🌐 Horizon

Career intelligence Platform. Not a job board. Not a chatbot.

Horizon builds a personalized, evidence-grounded career roadmap for every user — grounded in real job descriptions, real interview signals, and a self-improving knowledge graph that gets smarter with every request. It combines a living Neo4j career graph, parallel LLM synthesis over real web evidence, and a rigorous company-fit scoring engine into a single async platform.

Going live as a beta soon.

❌ The Core Problem

Career guidance is either too generic (LinkedIn Learning paths) or too expensive (career coaches). Neither is grounded in live market reality. Most AI career tools hallucinate paths, ignore the actual hiring bar, and give zero citations for their advice.

Horizon is built differently: every career path it generates is triangulated from real sources, every company fit score is computed against a live JD signal, and the system's knowledge compounds across users through a shared graph.

⚙️ How It Works

📥 Onboarding Pipeline

Resume Parsing — PDF ingested via PyMuPDF, converted to Markdown, then parsed by Gemini 2.5 Flash into a structured schema (education, skills, projects). Skills are immediately passed through a normalizer to canonicalize synonyms ("ReactJS" → "React", "Postgres" → "PostgreSQL").

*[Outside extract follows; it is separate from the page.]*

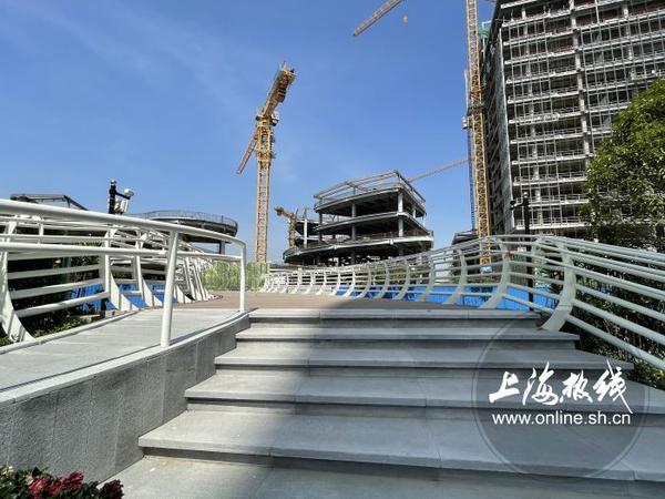 眼前这个通行桥已经重新加固装修过,将东西地块业态打通。行人和车辆横跨“梅陇港”指日可待。

MBTI Personality Assessment — a lightweight, database-backed questionnaire system. Questions are randomly sampled per MBTI dimension from MongoDB, presented to the user, and scored via normalized Likert scaling. The resulting personality type is stored on the user profile and used to weight path preferences.

User profiles are stored in MongoDB with full async access via Motor.

🌳 Career Tree Generation (`tree.py`)

The flagship feature. Given a user's skill stack and preferences, Horizon builds a 5-path career roadmap with 4+ concrete stages each, every claim sourced from real web evidence.

Pipeline:

Skills → Graph Traversal → Tavily Evidence Fetch → Gemini Synthesis → Citation Resolution → Graph Learning

Step 1 — Graph-first archetype discovery

Before calling any LLM, Horizon queries the Neo4j career graph. It finds the top roles by weighted skill overlap (REQUIRES edge weights), then traverses TRANSITIONS_TO edges up to 15 hops to find the farthest reachable terminal role. This returns validated career trajectories from historical data — not LLM guesses.

If the graph has fewer than 5 trajectory matches (cold start), it falls back to Gemini for archetype generation.

Step 2 — Parallel evidence fetch

For each archetype, Tavily runs an advanced search constrained to high-signal domains:

reddit.com, news.ycombinator.com, teamblind.com, indiehackers.com,
linkedin.com, medium.com, github.com, netflixtechblog.com,
engineering.fb.com, openai.com/research

Up to 14 results per archetype are fetched in parallel (asyncio.gather). Each result is tagged with a SOURCE_REF_N identifier and injected into the synthesis prompt.

Step 3 — Grounded synthesis

Gemini 2.5 Flash generates the full CareerTree JSON against strict rules:

Every stage must be triangulated from ≥3 source references
fit_score is a cold probability — accounts for skill gaps and market reality, not encouragement
eta_months is grounded in evidence patterns, not LLM priors
top_opportunities must be real, named roles or programs
observed_paths extracts actual career progressions seen in the evidence

The model returns structured output against a Pydantic schema with response_mime_type="application/json" — no parsing ambiguity.

Step 4 — Citation resolution + graph learning

SOURCE_REF_N tags in stage citations are resolved back to real URLs. Then observed_paths (career sequences extracted from evidence, e.g. ["SWE Intern", "SWE II", "Senior SWE", "Staff SWE"]) are written back to Neo4j via evolve_paths. Every synthesis run makes future traversals smarter.

Trees are cached in Redis for 24 hours (horizon:tree:v7:{user_id}).

🧾 Company Advisory Cards (`discover.py`)

Given a target role and a list of companies, Horizon generates a structured fit analysis card per company — in parallel.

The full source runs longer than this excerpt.